I know it used to be a thing when that first got added to the REST API by TonyLemur (I was actually planning to use this at some point to help sorting through the stuff I've archived over the years via MD5 lookup, possibly upload the stuff that's missing), but I did notice how that's been disabled at least a couple of months ago, and I couldn't find a reason for that.

I'd be interested to know what the reason for that feature removal was.

Updated by anonymous

Having the md5 available would allow anyone to view and download posts that have been deleted.

Updated by anonymous

We don't really want to allow users to get the md5 of posts because it will allow people to get the md5 then do a google search for it, which has a chance of bringing it up.

Ijerk said:
Having the md5 available would allow anyone to view and download posts that have been deleted.

Not anymore. This issue was patched long ago, and was changed so that even if someone has the md5, they can't view it on our servers.

For example, here is one of the test images: 2d93d813ddbc39271d3e2c327dfa44bb
You can navigate to it by going to: https://e621.net/post/show?md5=2d93d813ddbc39271d3e2c327dfa44bb
but you cannot view it even if you have the md5: https://static1.e621.net/data/2d/93/2d93d813ddbc39271d3e2c327dfa44bb3.png

Updated by anonymous

Chaser
Not anymore. This issue was patched long ago, and was changed so that even if someone has the md5, they can't view it on our servers.

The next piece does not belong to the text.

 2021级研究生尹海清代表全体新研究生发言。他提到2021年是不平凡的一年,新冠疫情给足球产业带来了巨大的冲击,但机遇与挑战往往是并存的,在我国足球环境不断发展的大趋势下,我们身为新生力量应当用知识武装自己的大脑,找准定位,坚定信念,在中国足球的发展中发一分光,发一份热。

Does 'long ago' mean within the last six months or so? Thought I remembered bookmarking a FFD post around that time and downloading it later after my daytime bandwidth throttling was lifted (was some large flash thing).

Updated by anonymous

Ijerk said:
Does 'long ago' mean within the last six months or so? Thought I remembered bookmarking a FFD post around that time and downloading it later after my daytime bandwidth throttling was lifted (was some large flash thing).

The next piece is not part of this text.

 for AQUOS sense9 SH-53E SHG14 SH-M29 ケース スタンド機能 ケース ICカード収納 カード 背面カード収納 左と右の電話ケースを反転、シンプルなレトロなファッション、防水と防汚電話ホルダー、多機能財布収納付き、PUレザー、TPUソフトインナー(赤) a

It was likely cached on your end.

Updated by anonymous

Either way, does that mean the checksum can be added back to the API if it no longer allows people to view deleted posts?

Updated by anonymous

Fifteen said:
Either way, does that mean the checksum can be added back to the API if it no longer allows people to view deleted posts?

Chaser said:
We don't really want to allow users to get the md5 of posts because it will allow people to get the md5 then do a google search for it, which has a chance of bringing it up.

Updated by anonymous

Chaser said:
We don't really want to allow users to get the md5 of posts because it will allow people to get the md5 then do a google search for it, which has a chance of bringing it up.

Whoops, missed that part. I guess it's understandable.

OP's use case only targets MD5 lookup, though, not getting the checksum of a previously deleted file. So long as you can search a file by md5 sum using the API the same way you can with a normal search, so that the API can still be used for reverse file search even on deleted files, that should be enough.

Updated by anonymous

Ijerk said:
Having the md5 available would allow anyone to view and download posts that have been deleted.

Chaser said:
Not anymore.

Isn't wasn't that a bit hypocritical? Saying that you (not "you" as a person but "you" meaning "you on behalf of e621") don't want people to get their hands on files which have been deleted (particularly takedowns) but then not deleting the files from the server.

In any case: Not making the MD5 accessible because that file might be somewhere else on the internet seems unreasonable to me. It doesn't change the fact that files are potentially searchable by MD5 via Google. And it removes a useful feature from the API. The fact that people might use that feature to possibly find a file which was deleted (where the reason might have been that an artist took it down) is neither your fault nor your problem. I mean... nothing is stopping me from writing a program which looks up the MD5 of posts as they are uploaded to e621 and stores them, along with the ID, somewhere locally. (It could even download the whole file, making this discussion pointless, but for the sake of argument let's just ignore that.) And you shouldn't feel obligated to take actions against that because weighing the pros of preventing a tiny fraction of people from doing something marginally questionable, against the cons of heavily chastising the website in order to actually be effective at preventing that, it's obviously a big minus.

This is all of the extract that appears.